La soppressione dell’Irap

Vincenzo Visco riflette su un’imposta che la recente legge delega di riforma fiscale prevede di abolire, l’Irap. Al riguardo, ricostruisce l’origine dell’imposta, le ragioni a favore e i cambiamenti subiti nel tempo. La tesi è che, di fronte all’inaridimento del peso dei redditi da lavoro, il finanziamento del welfare non possa non basarsi su qualche forma di prelievo generalizzato su tutti i redditi prodotti (cioè sul valore aggiunto), ossia su un’imposta che ha la stessa ratio dell’Irap.

L’art. 6 della legge delega di riforma per la revisione del sistema fiscale presentata dal Governo Draghi prevede “il graduale superamento dell’Irap”, e cioè la sua soppressione. Non è certo che questa prescrizione sarà effettivamente attuata, come peraltro è difficile prevedere ora, quali parti della delega troveranno applicazione, e se la troveranno, visti i tempi ristretti e le incognite che il Governo dovrà affrontare; tuttavia può essere utile ricostruire le origini dell’imposta, la sua introduzione, le sue caratteristiche, e le vicende successive.

L’Irap venne introdotta con la riforma fiscale del 1996-97; era contenuta in una delle 11 deleghe in cui quella riforma si articolava, e che si era resa necessaria, dopo che erano passati oltre 20 anni dalla riforma del 1973, per ovviare alle molteplici distorsioni, incongruenze, inefficienze, disparità di trattamento che si erano nel frattempo prodotte.
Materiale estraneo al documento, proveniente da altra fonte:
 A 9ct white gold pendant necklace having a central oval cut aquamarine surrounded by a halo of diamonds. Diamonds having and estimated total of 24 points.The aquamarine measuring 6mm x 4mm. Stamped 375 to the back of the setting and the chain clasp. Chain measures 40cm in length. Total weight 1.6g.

 Ma soprattutto il sistema era uscito devastato dalla manovra finanziaria per il 1993. Il Governo Amato in una situazione di assoluta emergenza varò una manovra correttiva molto incisiva che prevedeva anche una serie di misure tributarie micidiali non solo per i contribuenti, ma anche e soprattutto per il sistema: si stabilì l’indeducibilità dell’Ilor dall’Irpeg, sicché l’aliquota dell’imposta sui profitti diventò del 53,2%, una delle più elevate del mondo; si introdusse una imposta sul patrimonio netto delle imprese che, riferita al reddito, equivaleva ad un prelievo aggiuntivo sui profitti del 5-10% a seconda del grado di profittabilità; si introdusse l’ICI senza abolire o ridurre le imposte sui trasferimenti immobiliari; si rivalutarono fortemente le rendite catastali; si eliminarono retroattivamente gli sgravi Irpef legati al recupero del fiscal drag; si trasformarono le deduzioni di imposta in detrazioni; si introdussero la minimum tax e il prelievo straordinario sui depositi bancari…
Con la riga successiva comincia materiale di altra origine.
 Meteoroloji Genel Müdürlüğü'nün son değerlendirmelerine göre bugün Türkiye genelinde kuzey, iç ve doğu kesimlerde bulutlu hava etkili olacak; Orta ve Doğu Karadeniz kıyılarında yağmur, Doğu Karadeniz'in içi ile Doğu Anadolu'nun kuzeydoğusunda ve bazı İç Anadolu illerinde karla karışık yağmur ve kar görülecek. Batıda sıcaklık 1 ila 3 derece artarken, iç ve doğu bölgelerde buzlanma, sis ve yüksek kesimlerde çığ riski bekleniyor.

In sostanza nel sistema tributario ogni logica era venuta meno. Una incisiva riforma fiscale quindi si imponeva. Inoltre nel decennio precedente molti dei paradigmi tradizionali relativi alla gestione delle economie e alla struttura dei sistemi fiscali erano stati abbandonati, sotto la spinta di liberalizzazioni, deregolamentazioni e globalizzazione, e la concorrenza fiscale tra Paesi era diventata crescente e pericolosa, il che suggeriva una riforma in grado di mantenere il gettito, ma che al tempo stesso ampliasse le basi imponibili, riducesse le aliquote formali e le possibilità di elusione, ristabilisse una accettabile parità di trattamento tra le diverse tipologie di reddito, riducesse il costo del lavoro (contributi sociali), aumentasse l’imposizione indiretta, e diminuisse l’evasione. Tutta ciò fu fatto con la riforma del 1996-97, e in tale contesto l’introduzione dell’Irap giocò un ruolo decisivo.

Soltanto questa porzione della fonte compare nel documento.